Jeff Wadlow’s adaptation of the late-’70s TV show is a thrill-free getaway that only entertains when it goes from generic to incoherent.
Ring the alarm next time a movie tacks “Blumhouse’s” to the front of its title. Is it a marketing tactic? Is it a sign of desperation? How about a warning to heed instead? Hell, is it all three? It might be a little early to tell, but it’s starting to feel like the latter.
Money maestro Jason Blum last stamped his production company’s name onto Blumhouse’s Truth or Dare in April 2018 to spin a tale of a demonically possessed game that turned people’s faces into Snapchat filter rejects before coercing them into fatal stunts. It was high-concept, cheap to make, and easy to market. On the other hand, it was also a movie directed and co-written by Jeff Wadlow, a guy whose love for thrills is no match to his inability to hold a tone or coherently stage any real action. It turned a profit, though, and thus comes another movie based on something. This time it’s a TV show from the ‘70s.
Welcome to Blumhouse’s Fantasy Island, where the dad jokes are poorly written and executed rather than ironically dumb. The cocktails taste like the point of the night when incompetence leads to musings on one’s past and the essence of human nature. The people are stupid whether they’re good or bad, and the setting, shriveling under the constant rays of harsh studio lights, looks like a postcard—with all the shallowness of one. Is this a real movie or something from the 30 Rock universe that ended up in theaters? And if that’s the case, just when will we get the Fantasy Island/MILF Island crossover we so deserve?
Maybe that last part is a lost cause, but it really does feel like a possibility for a while. After all, the characters play like in-jokes that the movie isn’t even aware of. Here, they’re a group of tourists coming to visit the title locale where they make the acquaintance of one Mr. Roarke (Michael Peña), who can discern what everyone’s ultimate fantasy is. He knows because—wait for it—each participant fills out a one-page questionnaire before arriving, and then it allows them each to live them out.
That isn’t to say that the script from Wadlow, Christopher Roach, & Jillian Jacobs actually allows the viewer to know who these people are. The movie begins as they arrive, and it’s off to the races getting to hear Melanie (Lucy Hale) talk about how much she still hates her eighth-grade bully, Sloane (Portia Doubleday). Elsewhere, Gwen (Maggie Q) laments having let the love of her life (Robbie Jones) go, while the chiseled-from-stone Patrick (Austin Stowell) reveals his unfulfilled dream of being in the military.
There’s the comic relief as well in the form of stepbrothers JD and Brax (Ryan Hansen and Jimmy O. Yang) too, but the real point here is to see how people react to their fantasies. Well, it should be. The writers here have no grasp of the differences between archetype and stereotype. The actors, whether by their own volition or poor direction, overact almost every scene. There’s a cartoonishness to Fantasy Island that overrides anything resembling pathos, and while that could work if the movie stuck to a single lane, it’s never able to do so.
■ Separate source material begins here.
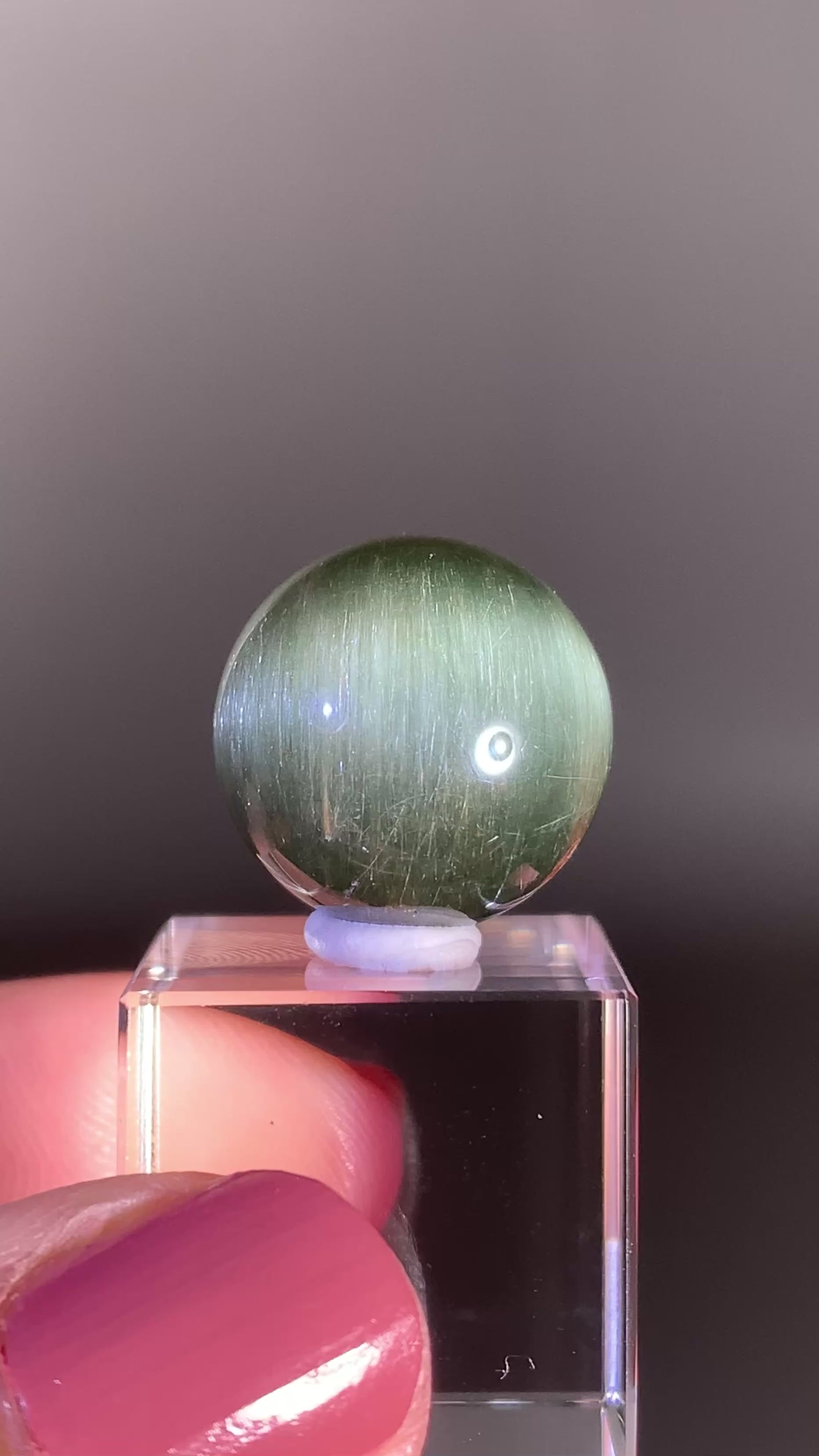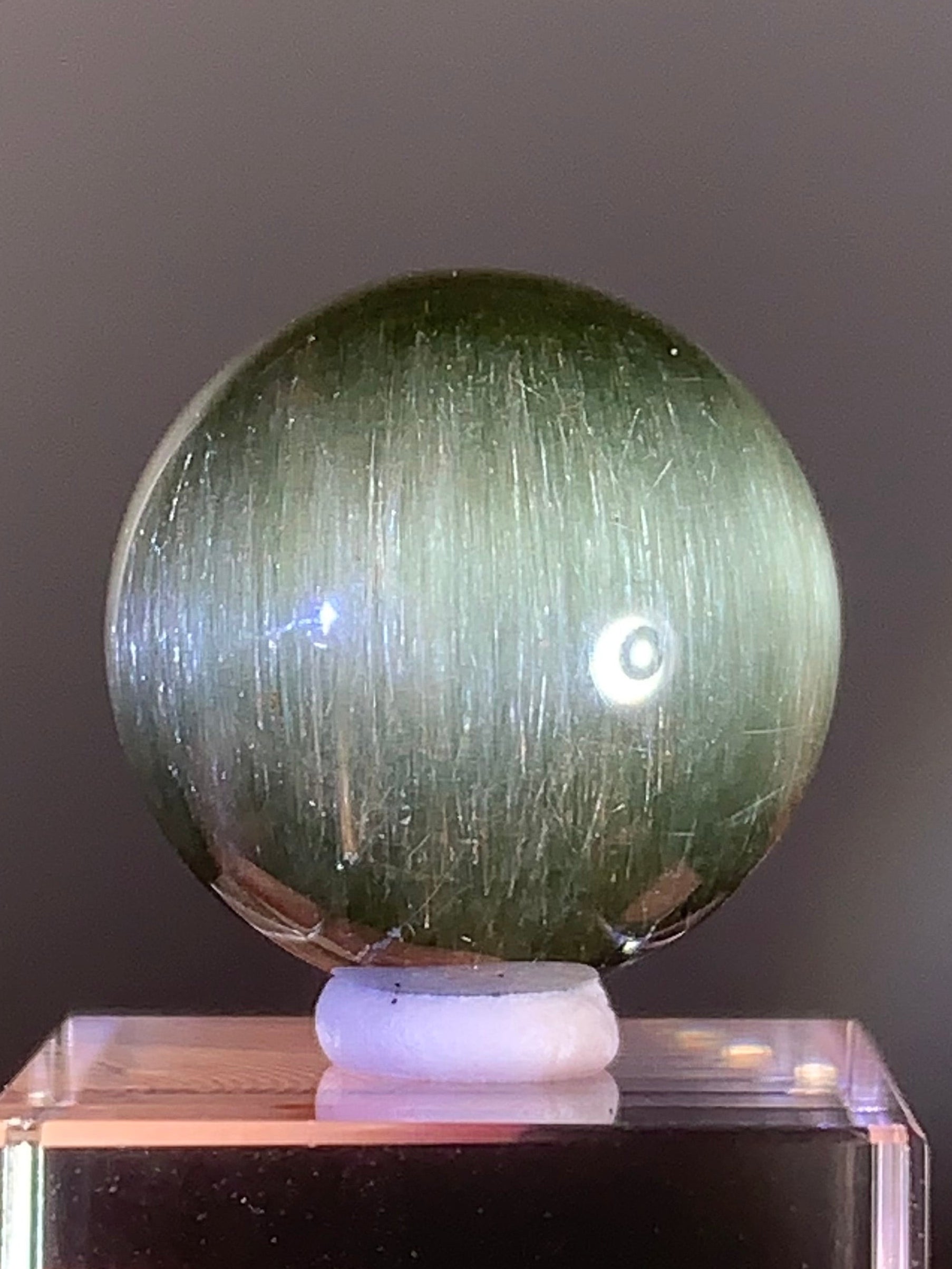 Collector’s Piece Extremely Rare Emerald Cat’s Eye Green Amphibole Sphere

Take Gwen for example. Her loneliness defines her while her defeatist attitude—at least on paper—further removes her from everyone near her. That’s a basic observation that Wadlow sincerely approaches. Then come characters like JD and Brax whose existences feel like sheer filler. The movie separates them too, preventing any conflation or juxtaposition of their behavior from bubbling up, and by the time characters do cross paths, Fantasy Island goes from lame to incompetent.
It’d be one thing if a movie like Fantasy Island telegraphed its eventual derailment, but this is the kind that goes past lazy and into shameless.
Granted, not much of what makes up the first half is well done: Wadlow remains unable to stage a scene that consists of more than a simple tracking shot or a shot/reverse shot composition. Toby Oliver, all the while, shoots the landscapes and actors with such a shallow depth of field that the setting might as well be rear-projected. The pacing is off-kilter, and the midsection is far more boring than it ever should have been. It’s only once Wadlow, Roach, & Jacobs go all out that they reach something so unfathomably stupid that it’s hard not to laugh at.
It’d be one thing if a movie like Fantasy Island telegraphed its eventual derailment, but this is the kind that goes past lazy and into shameless. It’s also when it scrounges up any real entertainment value, but by that point, it’s all for the wrong reasons. Maybe this little getaway will find an ironic cult following in the next few years or so. If it doesn’t, it’s no big loss. There’ll be another bloodless, PG-13 cash grab like it soon.
Blumhouse’s Fantasy Island is now washing up in theaters nationwide.